Non poteva che essere così. In un’epoca dominata da reunion, revival e riscoperte di “gemme” del passato, l’assenza di una band meravigliosa ed influente come i Kyuss era qualcosa che strideva in modo evidente. Così, per la gioia non solo dei fans ma di un intero movimento musicale, gli indiscussi padri del desert-rock sono tornati.
Perlomeno tre dei protagonisti di quella breve ma straordinaria epopea vissuta negli anni ‘90, visto che il “guru” Josh Homme ha fermamente rifiutato di prendere parte all’iniziativa ed anzi ha bloccato legalmente la possibilità di riproporre lo storico nome. Poco male, il progetto si chiama
Vista Chino ma la sostanza non cambia. Soprattutto non cambia lo stile, che riparte da quel “…And circus leaves town” che aveva chiuso la parabola della formazione californiana.
Ma non c’è nulla di artificioso o calcolato in questo nuovo disco, nulla che sembri datato o fuori luogo. Ed è facile comprenderlo, visto che è da una quindicina d’anni che ascoltiamo un numero sproporzionato di gruppi che suonano nello stesso modo, tanto da aver dato vita ad un vero e proprio filone come lo stoner-rock. E come potrebbero sfigurare i musicisti che tale sound hanno creato, quando a proporre cose del genere c’erano soltanto loro, i Monster Magnet, i Fu Manchu e pochissimi altri?
Album da goduria. Per qualità, fascino e importanza.
C’è tutto quello che era lecito aspettarsi. La grinta sinuosa, assolata, di “Dragona dragona”, “Sweet remain”, “Barcelonian” e della bonus track “Carnation”, brani dove ritroviamo la voce di John Garcia meno irruente del passato ma più matura, consapevole, e gli echi dei suoi ottimi Hermano ed Unida. Poi il classico andamento bluesy, pigro e sornione, in “Adara” ed i meravigliosi sviluppi psichedelici, in equilibrio tra rock duro e sensibiltà acid-grunge, che i Kyuss hanno letteralmente inventato, vedi le superbe “Planets 1&2”, “Dark and lovely” e la stordente “Acidize…the gambling moose”.
Se il cantante desertico per eccellenza appare in splendida forma e l’apporto alle pelli di Brant Bjork è solido come sempre, gli altri due elementi del quartetto meritano una considerazione. Primo: fortunatamente il bizzoso Nick Oliveri non ha aggiunto al discorso le influenze punk minimaliste espresse con i suoi Mondo Generator, che in questo contesto non avrebbero avuto senso. Secondo: il chitarrista Bruno Fevery ha scelto, a mio avviso giustamente, di non snaturare una matrice fin troppo riconoscibile, ma nello stesso tempo ha evitato di fare un semplice ricalco del modello di riferimento, riuscendo alla fine a non far rimpiangere il grande assente. E non è poco, direi.

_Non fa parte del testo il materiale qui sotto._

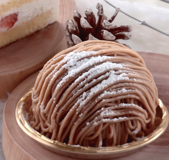
和栗のモンブラン Japanese Chestnut Mont Blanc

国産いちごを使ったショートケーキ。ふんわりやわらかいスポンジ生地に口どけの良い生クリーム、フレッシュないちごを堪能できます。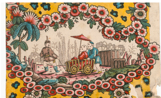
Jeux d'enfants, Maquette pour impression textile, 1789 Gouache sur papier, Manufacture Oberkampf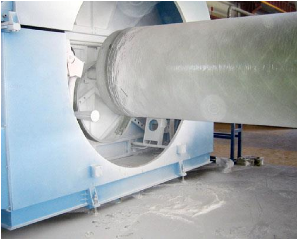
Bilder 1 und 2: Blick in das Arbeitsumfeld vor Erfassung der Stäube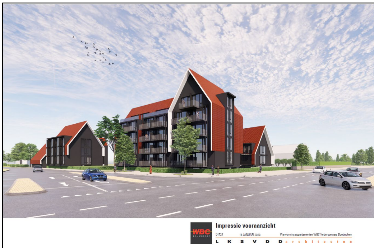
Afbeelding 3 3D-impressie gewenste situatie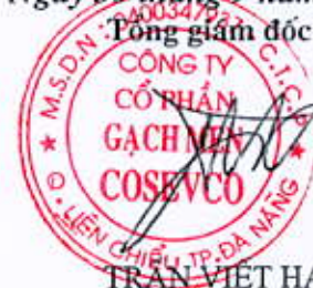
TRẦN VIỆT HẠ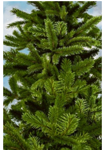
Der natürliche Baum ist immer noch die naturfreundlichere Wahl.

Zwar wird oft argumentiert, ein Plastikbaum sei durch seine Wiederverwendbarkeit nachhaltiger – doch das ist ein Mythos: Ein Kunststoffbaum müsste mindestens 17 bis 20 Jahre genutzt werden, um ökologisch mit einem Naturbaum gleichzuziehen.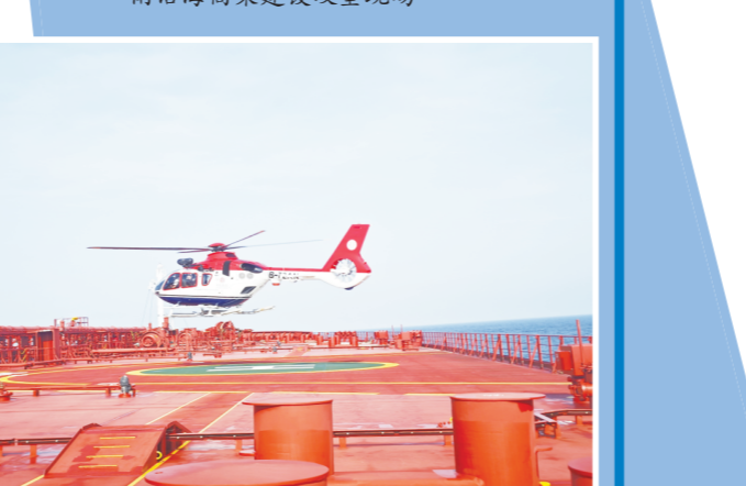
直升机引航助力港口生产

Lavoro emozionante, fresco, convinto e convincente. Indispensabile per tutti coloro che nell’ultimo decennio hanno coltivato la passione per le sonorità che fanno da ponte tra passato e presente. Un mix che elabora ed amalgama il rock ’70, ’90 e contemporaneo, con quel tocco “sabbioso” che abbiamo imparato ad amare. Tutt’altro che nostalgia, fidatevi.